Die anderen ließen aber auch nicht lange auf sich warten.
Nach ca. 2 Std. versetzten wir uns unter die Autobahnbrücke(die das Dänische Festland mit der Insel Fyn verbindet).Es war dort eine starke Strömung in Gange so das nach einem kurzen Angelversuch erneut das Revier gewechselt wurde.
Nach einem Vorschlag, ich glaube Jelle war´s ,fuhren wir einen Parkplatz direkt an einer Kaimauer an. Ruten wurden aufgebaut und wir wurden von den anwesenden Anglern die wohl doch schon vereinzelt die eine oder andere Platte gefangen hatten misstrauisch beäugelt.
Wie sollte es auch wieder anders sein das ich den Plattensegen eröffnete.
Was nun passierte grenzte nahezu an "Zauberei":
Ich hielt mich einwenig zurück aber 2 von uns fingen mit dem Buttlöffel bei fast jedem Wurf eine Platte.
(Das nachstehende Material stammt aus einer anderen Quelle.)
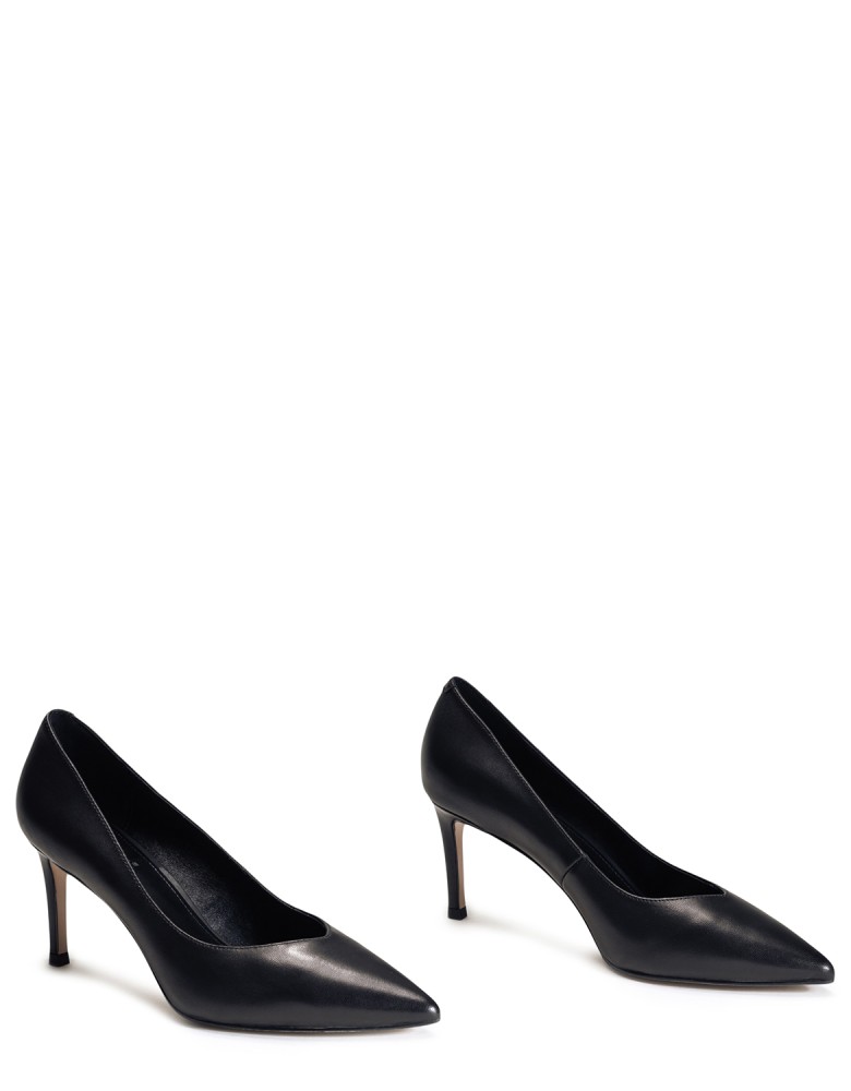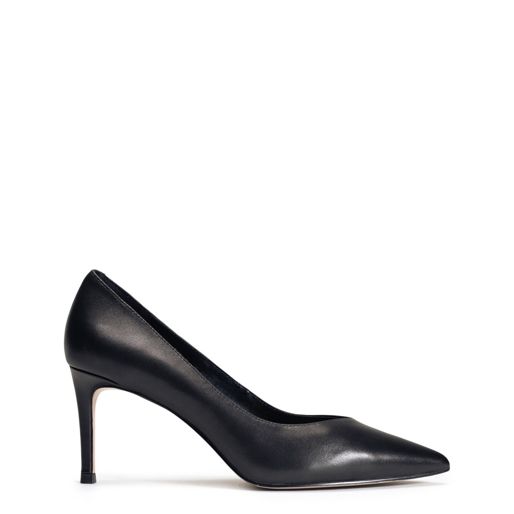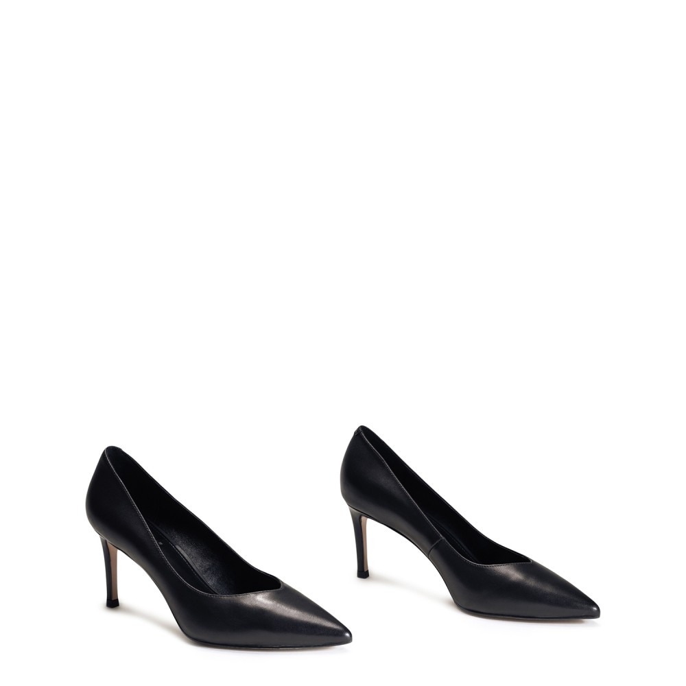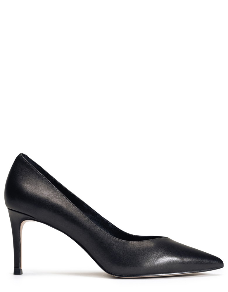 Чорні шкіряні демісезонні туфлі на підборі
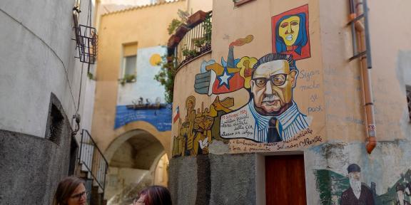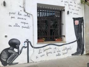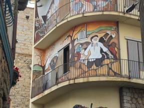 De volgende dag nodigde Sardinië ons uit voor een bezoek aan de stad Orgosolo. Dit bergdorp was werkelijk waar een heus geschiedenisboek! Op tientallen muren en in alle hoekjes en steegjes bewonderden we muurschilderingen met een kritische ondertoon die belangrijke momenten uit de wereldgeschiedenis verbeeldden. Kippenvel!

Es machte uns einen Riesenspaß und Zeit verging wie im Fluge.
Ab und zu war mal ein untermassiger Dorsch dabei, Lippfisch oder Seeskorpion.
Einer von uns fing einen fast armdicken Hornhecht wie ich Ihn in diesem Jahr noch nicht sah.
Mein Fazit:
Es hat nicht nur Spaß gemacht nein ich habe auch das "leichte" angeln mit dem Buttlöffel "genossen".
Für mich war noch wichtiger das ich mal wieder sehr nette Angler aus dem Norden kennen gelernt habe.
Sven, wir haben einen schönen Tag mit Dir verbracht.

Gruß oh-nemo (Jörg)
__________________
Gruß aus Malente , Jörg



Hi Sven!

Hiermit möchte ich mich noch einmal bei Dir bedanken! Eine sehr gelungene Tour!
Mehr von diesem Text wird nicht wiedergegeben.